L'homme ne lui prêta aucune attention, comme s'il ne l'avait pas entendu, poursuivant son chant. Il avait l'air fatigué, hypnotisé, et incapable de faire autrement. Si Cole comptait bien, il pouvait déjà avoir exécuté l'hymne une bonne vingtaine de fois. Il attendit qu'une camionnette réussisse à passer pour s'aventurer sur la chaussée. Lorsqu'il toucha l'homme au bras, ce dernier le repoussa violemment au point où il faillit tomber.
-Monsieur, arrêtez ça tout de suite ; vous ne voyez pas que vous gênez la circulation et que vous troublez le voisinage ?
Comme si ces paroles n'avaient fait que l'encourager, il chanta de plus belle, encore un peu plus fort.
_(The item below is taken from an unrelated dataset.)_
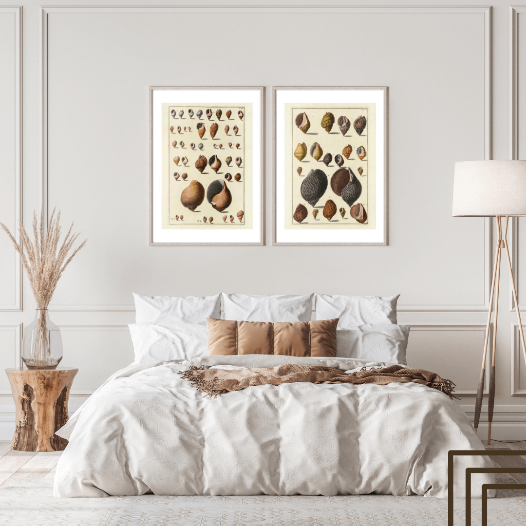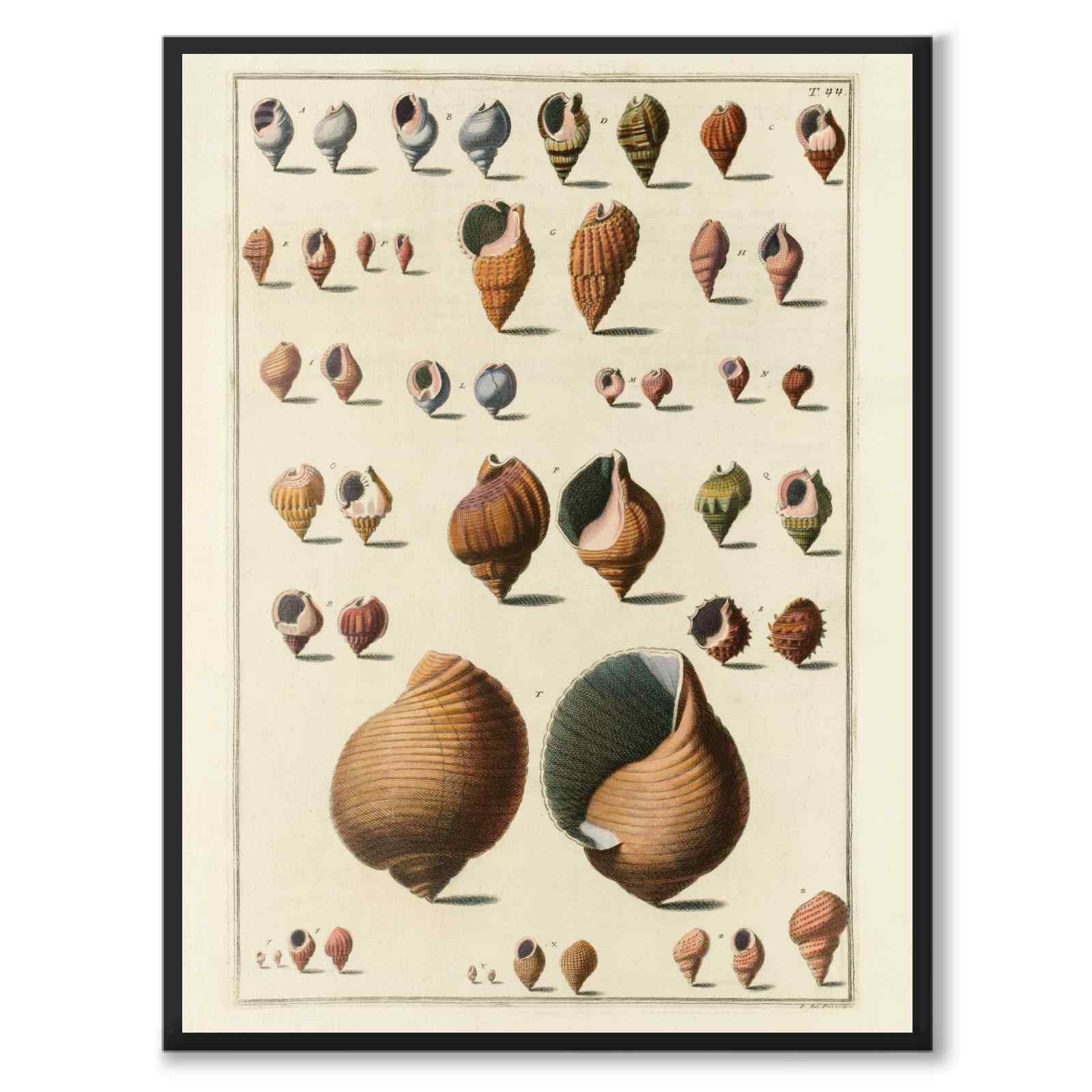 Plakat med et vakkert kart over ulike skjell fra 1800-tallet. Et tjuetalls typer skjell er illustrert forfra og bak med tilhørende nummerering.

Cole le prit par derrière et lui ferma la bouche de la main tout en le maintenant solidement entre ses bras. Il s'agita, se débattit comme un beau diable, mais Cole réussit à le ramener sur le trottoir où il le laissa choir.
-Qu'est-ce qui vous a pris, bon sang ?
Visiblement éprouvé par son acte, l'homme leva sur lui un regard perdu.
-Répondez-moi ; intima Cole.
-Je ne sais pas…Elle m'a demandé d'aller chanter l'hymne national au milieu de …
-Quoi ?
Devant l'absurdité d'une telle réponse, Cole voulut s'en aller ; mais quelque chose le retint.
-Qui vous a demandé d'aller chanter l'hymne ?
Il mit du temps à rassembler ses esprits.
-C'est …Eden.
Cole ouvrit de grands yeux. Elle lui avait dit d'aller chanter l'hymne national et il s'était exécuté ? Et avec une telle fidélité, comme la révérence qu'il lui avait faite avant de sortir du bar.
Cet homme était-il fou ? Ou alors c'était un amour inconsidéré qu'il lui vouait. Tout cela n'avait aucun sens.
L'homme en question se releva avec peine et Cole le regarda s'éloigner lentement, en marchant péniblement. « Elle m'a demandé d'aller chanter l'hymne national ». Eden ? Il voulut rentrer dans le bar pour l'interroger ; mais il se rendit immédiatement compte de la gaucherie de son geste. Cet homme était probablement givré; se dit-il haussant les épaules et en prenant lui aussi le large.